Я думаю, как правильно ответить. Есть я хочу. Просто не хочу еду, которую она готовит. Но если так прямо и сказать, тетенька рассердится, потому что она приложила усилия и сготовила для меня.

– Хочу, мэм.

Тогда тетенька говорит:

– Не помешало бы тебе хоть иногда выражать благодарность. Я ведь не обязана тебя кормить, верно? Могла бы просто бросить тут помирать с голоду.

– Простите, мэм… – говорю я, уставившись в пол, чтобы не видеть ее мерзкого лица.

– Ты чего это там делала, что так долго шла сюда? – спрашивает тетенька.

Мне не нравится, как она на меня глядит. В животе у меня нехорошо от мысли, что она знает про мои планы. Все тело напрягается. Но ложка спрятана в унитаз так, что ее никогда не найти. А пока ложка в безопасности, я тоже в безопасности.

– Я спала, – вру я.

– Чего-чего?! – внезапно рявкает тетенька, становясь еще злее, чем раньше. Лицо у нее делается краснющим.

Свою ошибку я понимаю слишком поздно.

– Я спала, мэм, – исправляюсь я.

В конце предложения мне всегда надо говорить «мэм» – из уважения и благодарности за все, что тетенька для меня делает, а не то накажут.

Какое-то время тетенька молча на меня глазеет. Мне не нравится молчание, потому что тогда я ее боюсь больше всего.

– Похоже, кое-кто сегодня все-таки останется без ужина, – говорит она, а потом бормочет себе под нос: – Неблагодарная дрянь…

Тетенька уходит, унося жижу с собой. Она хлопает дверью и запирает ее, а я с деревянной ступеньки тут же опускаюсь на бетонный пол. Если отобрать у нас с Гусом ужин – это и есть наказание, и сейчас я еще легко отделалась.

Но я не глупая – знаю, что все так хорошо быть не может.

* * *

Тетенька не кормит нас с того дня, как я забыла сказать «мэм», хотя не очень-то и хочется есть ее гадкую еду. Хотя в принципе я есть хочу и мне нужно есть. Не знаю, сколько уже прошло. Поди, несколько недель.

Сперва голодно было по-страшному, но потом голод куда-то ушел и пришло какое-то другое чувство, еще хуже. Первые дни я до того думала о еде, что мне стали мерещиться запахи и вкусы. Теперь я о ней думаю мало. Больше думаю о том, каково это будет – помереть с голоду. Просто умру во сне? Или у меня остановится дыхание, перестанет биться сердце и я буду хватать ртом воздух?

Попить нам тетенька тоже не дает, а хочется страшно. Мы с Гусом просидели без ничего так долго, что пришлось пить противную воду из бачка унитаза, потому что другой у нас нету. Пьем мы малюсенькими глоточками, а то неизвестно, когда она может кончиться, поэтому наши страдания никуда не уходят и пить хочется все так же сильно.

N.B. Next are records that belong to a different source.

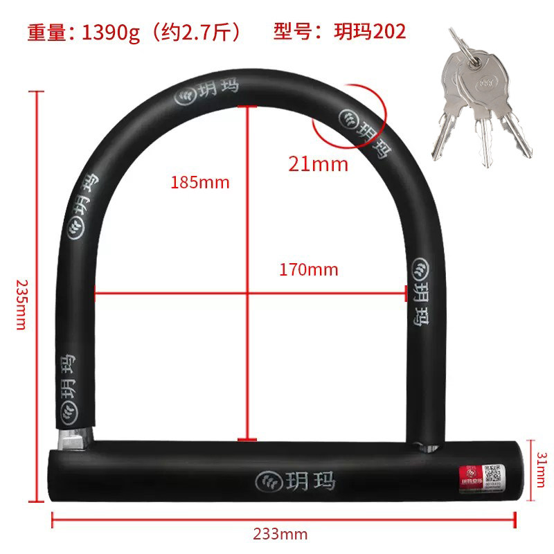 玥玛锁摩托车锁U型锁电动车防盗三轮车防盗锁抗液压剪防撬防钻C级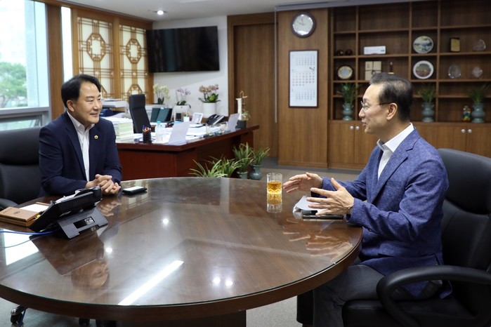 [프레스뉴스] 김교연 기자= 세종시의회 상병헌 의장이 지난 10일 손장목 신임 세종경찰청장을 접견 했다.
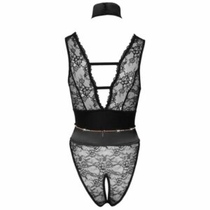 Atemberaubend geschnittener Body von Abierta Fina mit einladend offenem Schritt. Komplett aus feiner Spitze gefertigt, die sich weich anschmiegt. Der breite Tailleneinsatz aus festem Stretchsatin formt dazu eine schöne Silhouette. Vorne extra tief dekolletiert, verführt auch die Rückansicht mit einem tiefen V-Ausschnitt. Das breite Halsband und das Kettchengeschirr für Hals und Taille unterstreichen diesen erotisch eleganten Spitzenlook. Die mit Strass besetzten roségoldfarbenen Karabiner-Kettchen können auch abgenommen werden.

Гус тоже голодный. У него в животе урчит, но сам он не говорит вслух, что есть охота, хотя мы оба знаем, что это я во всем виновата.

Сейчас Гус спит. Я тоже хочу заснуть, но в голове у меня слишком много всего. Раз тетенька решила морить нас голодом, надо делать отсюда ноги, если не хотим помереть. Нужно использовать следующую же возможность, если она вообще будет. Я стала делать гимнастику, а когда не ешь, это очень сложно, ведь я слабая. Ноги у меня совсем никудышные, и если я хочу сбежать, надо их хорошенько подготовить. Я бегаю по комнате, делаю наклоны к полу, марширую по нашему подземелью вокруг Гуса, а он спрашивает, чего это я делаю, и умоляет прекратить. Гусу не нравится идея драпать, он до ужаса боится, что нас поймают.

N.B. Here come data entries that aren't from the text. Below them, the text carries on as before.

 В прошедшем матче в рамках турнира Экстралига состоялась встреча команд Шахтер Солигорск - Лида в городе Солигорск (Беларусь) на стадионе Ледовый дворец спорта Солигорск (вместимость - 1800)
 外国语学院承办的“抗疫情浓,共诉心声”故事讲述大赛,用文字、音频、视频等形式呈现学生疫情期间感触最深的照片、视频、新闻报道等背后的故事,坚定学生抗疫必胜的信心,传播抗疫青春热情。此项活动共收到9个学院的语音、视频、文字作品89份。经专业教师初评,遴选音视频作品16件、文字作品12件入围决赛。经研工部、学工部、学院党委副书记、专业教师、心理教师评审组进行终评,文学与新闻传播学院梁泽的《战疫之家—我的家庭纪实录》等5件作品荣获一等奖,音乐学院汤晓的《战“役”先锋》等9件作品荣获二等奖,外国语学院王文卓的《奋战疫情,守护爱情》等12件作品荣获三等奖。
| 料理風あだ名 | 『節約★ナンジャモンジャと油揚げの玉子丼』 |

Когда он такое сказал, я пожала плечами:

– Может, поймают, может, нет… Откуда знать, если не попробуем?

Еще говорила, чтобы, когда побежим, не волочил ноги и не отставал, а то лучше уж умереть, чем если нас поймают.

Теперь я сижу с ложкой на коленях. Как копье она не стала, да и не станет, поди, и все же кончик достаточно заострился, чтобы можно было им проткнуть, если не убить. Больше, чем проткнуть, вряд ли выйдет, но это лучше, чем ничего.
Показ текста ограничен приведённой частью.